§ **Data records**:
_ _ _ _ _ _ _
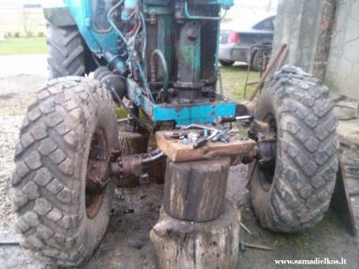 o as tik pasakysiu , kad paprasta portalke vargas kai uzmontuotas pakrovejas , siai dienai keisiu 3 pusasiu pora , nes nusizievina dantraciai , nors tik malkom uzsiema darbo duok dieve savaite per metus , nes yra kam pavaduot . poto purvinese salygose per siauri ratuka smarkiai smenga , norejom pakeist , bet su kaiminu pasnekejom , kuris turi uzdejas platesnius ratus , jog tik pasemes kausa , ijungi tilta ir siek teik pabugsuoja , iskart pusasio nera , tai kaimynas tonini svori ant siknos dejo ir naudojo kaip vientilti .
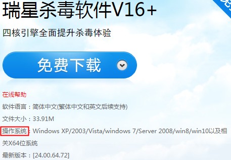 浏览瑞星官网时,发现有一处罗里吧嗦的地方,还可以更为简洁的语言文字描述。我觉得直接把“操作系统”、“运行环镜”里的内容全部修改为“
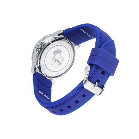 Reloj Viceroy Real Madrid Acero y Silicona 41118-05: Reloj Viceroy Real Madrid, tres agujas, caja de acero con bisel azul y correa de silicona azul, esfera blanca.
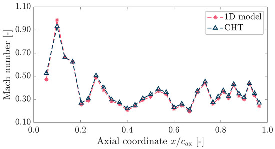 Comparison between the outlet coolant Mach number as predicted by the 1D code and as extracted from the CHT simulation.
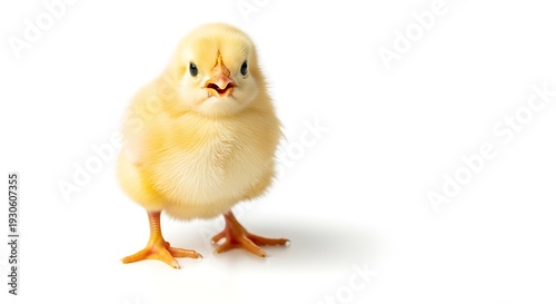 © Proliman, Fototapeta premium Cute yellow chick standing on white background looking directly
_ _ _ _ _ _ _
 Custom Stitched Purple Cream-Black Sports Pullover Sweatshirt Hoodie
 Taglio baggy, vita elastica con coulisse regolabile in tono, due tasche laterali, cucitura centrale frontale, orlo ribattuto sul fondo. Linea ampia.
_ _ _ _ _ _ _
§ **Work instructions**: Could you output exactly the lines above, from the line with "o as tik pasakysiu" up to and including the line with "background looking directly", and nothing else, skipping the pictures?

§ **Response below**:
 o as tik pasakysiu , kad paprasta portalke vargas kai uzmontuotas pakrovejas , siai dienai keisiu 3 pusasiu pora , nes nusizievina dantraciai , nors tik malkom uzsiema darbo duok dieve savaite per metus , nes yra kam pavaduot . poto purvinese salygose per siauri ratuka smarkiai smenga , norejom pakeist , bet su kaiminu pasnekejom , kuris turi uzdejas platesnius ratus , jog tik pasemes kausa , ijungi tilta ir siek teik pabugsuoja , iskart pusasio nera , tai kaimynas tonini svori ant siknos dejo ir naudojo kaip vientilti .
 浏览瑞星官网时,发现有一处罗里吧嗦的地方,还可以更为简洁的语言文字描述。我觉得直接把“操作系统”、“运行环镜”里的内容全部修改为“
 Reloj Viceroy Real Madrid Acero y Silicona 41118-05: Reloj Viceroy Real Madrid, tres agujas, caja de acero con bisel azul y correa de silicona azul, esfera blanca.
 Comparison between the outlet coolant Mach number as predicted by the 1D code and as extracted from the CHT simulation.
 © Proliman, Fototapeta premium Cute yellow chick standing on white background looking directly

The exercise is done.